- [Task to carry out]
Exact repetition of a range: find the line containing "Tarkista nestemäärä ja" and the line containing "Ездили с 27.08" in the material below, then repeat both and all lines between them, leaving pictures out.

- [Material provided]
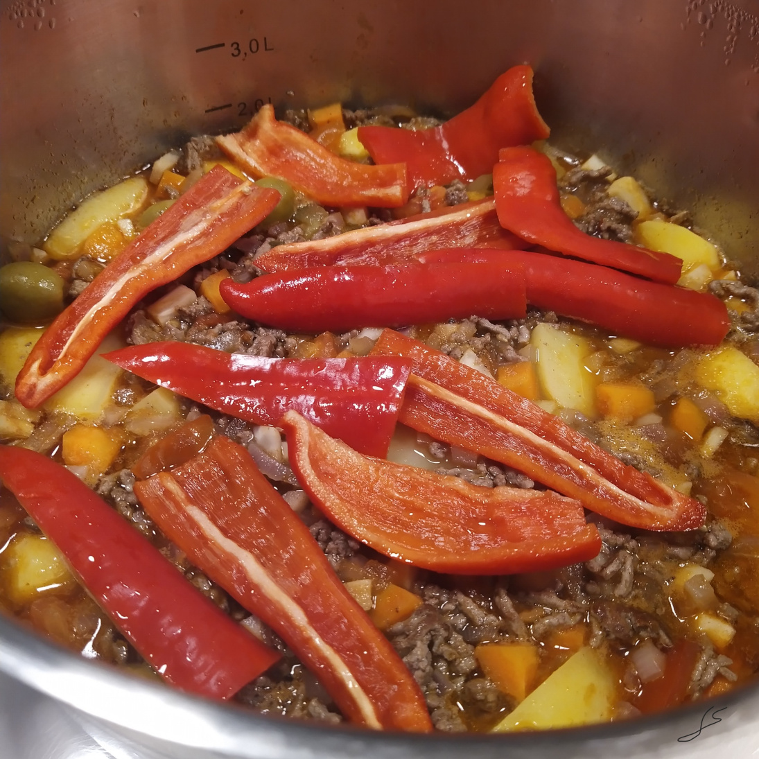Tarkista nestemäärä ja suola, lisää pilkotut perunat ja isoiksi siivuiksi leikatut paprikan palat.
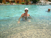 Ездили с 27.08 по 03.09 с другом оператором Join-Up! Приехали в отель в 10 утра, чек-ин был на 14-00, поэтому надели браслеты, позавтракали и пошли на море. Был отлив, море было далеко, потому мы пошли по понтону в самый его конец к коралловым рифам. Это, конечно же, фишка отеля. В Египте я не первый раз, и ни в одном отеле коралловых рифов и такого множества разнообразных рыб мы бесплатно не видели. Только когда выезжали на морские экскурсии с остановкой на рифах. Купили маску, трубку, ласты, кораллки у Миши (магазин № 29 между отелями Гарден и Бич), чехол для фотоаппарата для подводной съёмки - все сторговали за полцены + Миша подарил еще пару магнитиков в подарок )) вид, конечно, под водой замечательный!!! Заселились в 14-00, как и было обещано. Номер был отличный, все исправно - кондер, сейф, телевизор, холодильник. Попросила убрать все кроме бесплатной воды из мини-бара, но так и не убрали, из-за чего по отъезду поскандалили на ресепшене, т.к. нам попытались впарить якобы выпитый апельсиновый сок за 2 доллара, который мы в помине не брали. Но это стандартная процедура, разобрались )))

...

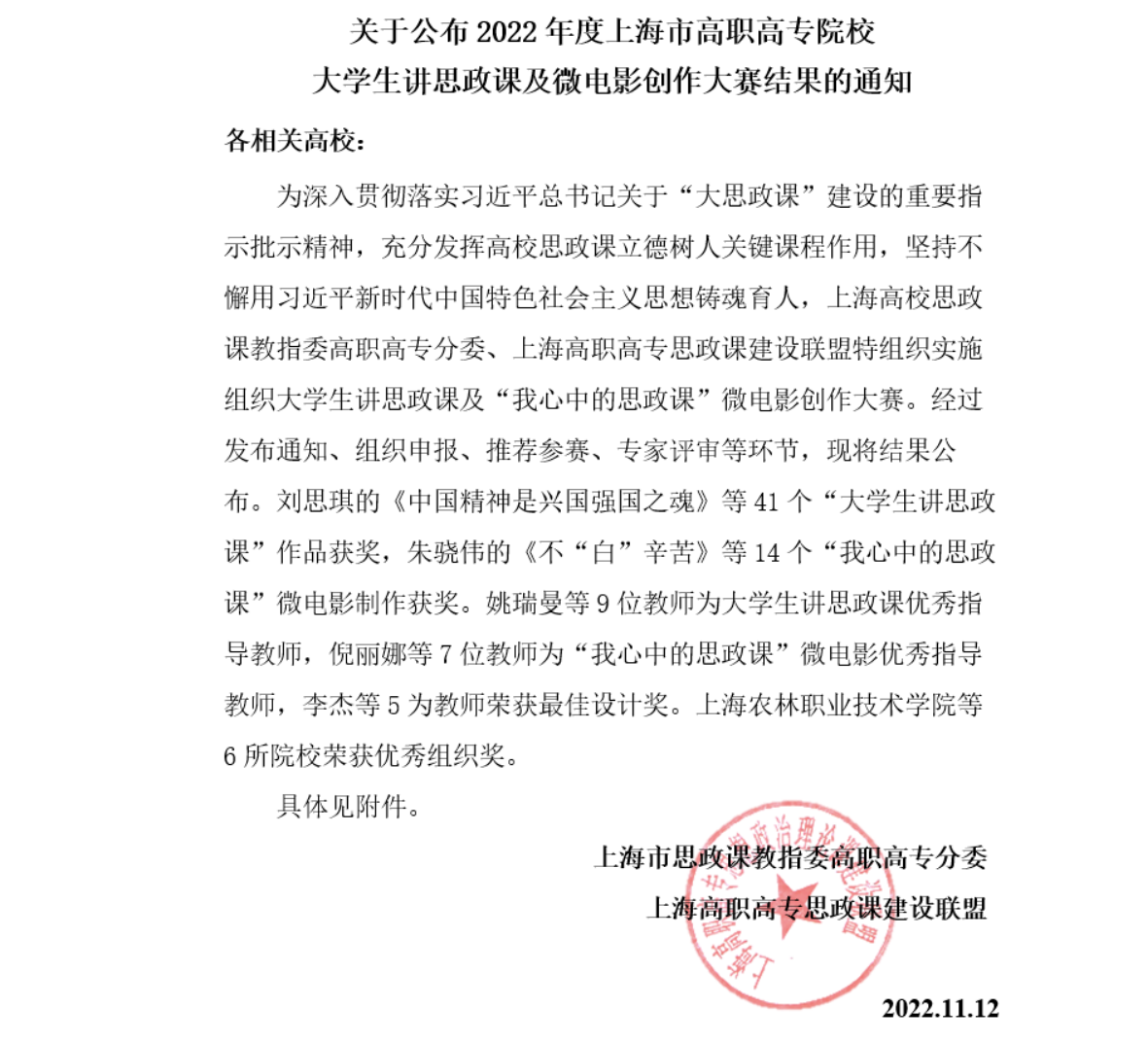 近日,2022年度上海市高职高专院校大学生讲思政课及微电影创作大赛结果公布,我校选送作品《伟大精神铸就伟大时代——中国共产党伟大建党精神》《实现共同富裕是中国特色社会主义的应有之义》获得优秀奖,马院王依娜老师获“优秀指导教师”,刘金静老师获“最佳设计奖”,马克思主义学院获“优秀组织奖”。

- [Response box]
Tarkista nestemäärä ja suola, lisää pilkotut perunat ja isoiksi siivuiksi leikatut paprikan palat.
 Ездили с 27.08 по 03.09 с другом оператором Join-Up! Приехали в отель в 10 утра, чек-ин был на 14-00, поэтому надели браслеты, позавтракали и пошли на море. Был отлив, море было далеко, потому мы пошли по понтону в самый его конец к коралловым рифам. Это, конечно же, фишка отеля. В Египте я не первый раз, и ни в одном отеле коралловых рифов и такого множества разнообразных рыб мы бесплатно не видели. Только когда выезжали на морские экскурсии с остановкой на рифах. Купили маску, трубку, ласты, кораллки у Миши (магазин № 29 между отелями Гарден и Бич), чехол для фотоаппарата для подводной съёмки - все сторговали за полцены + Миша подарил еще пару магнитиков в подарок )) вид, конечно, под водой замечательный!!! Заселились в 14-00, как и было обещано. Номер был отличный, все исправно - кондер, сейф, телевизор, холодильник. Попросила убрать все кроме бесплатной воды из мини-бара, но так и не убрали, из-за чего по отъезду поскандалили на ресепшене, т.к. нам попытались впарить якобы выпитый апельсиновый сок за 2 доллара, который мы в помине не брали. Но это стандартная процедура, разобрались )))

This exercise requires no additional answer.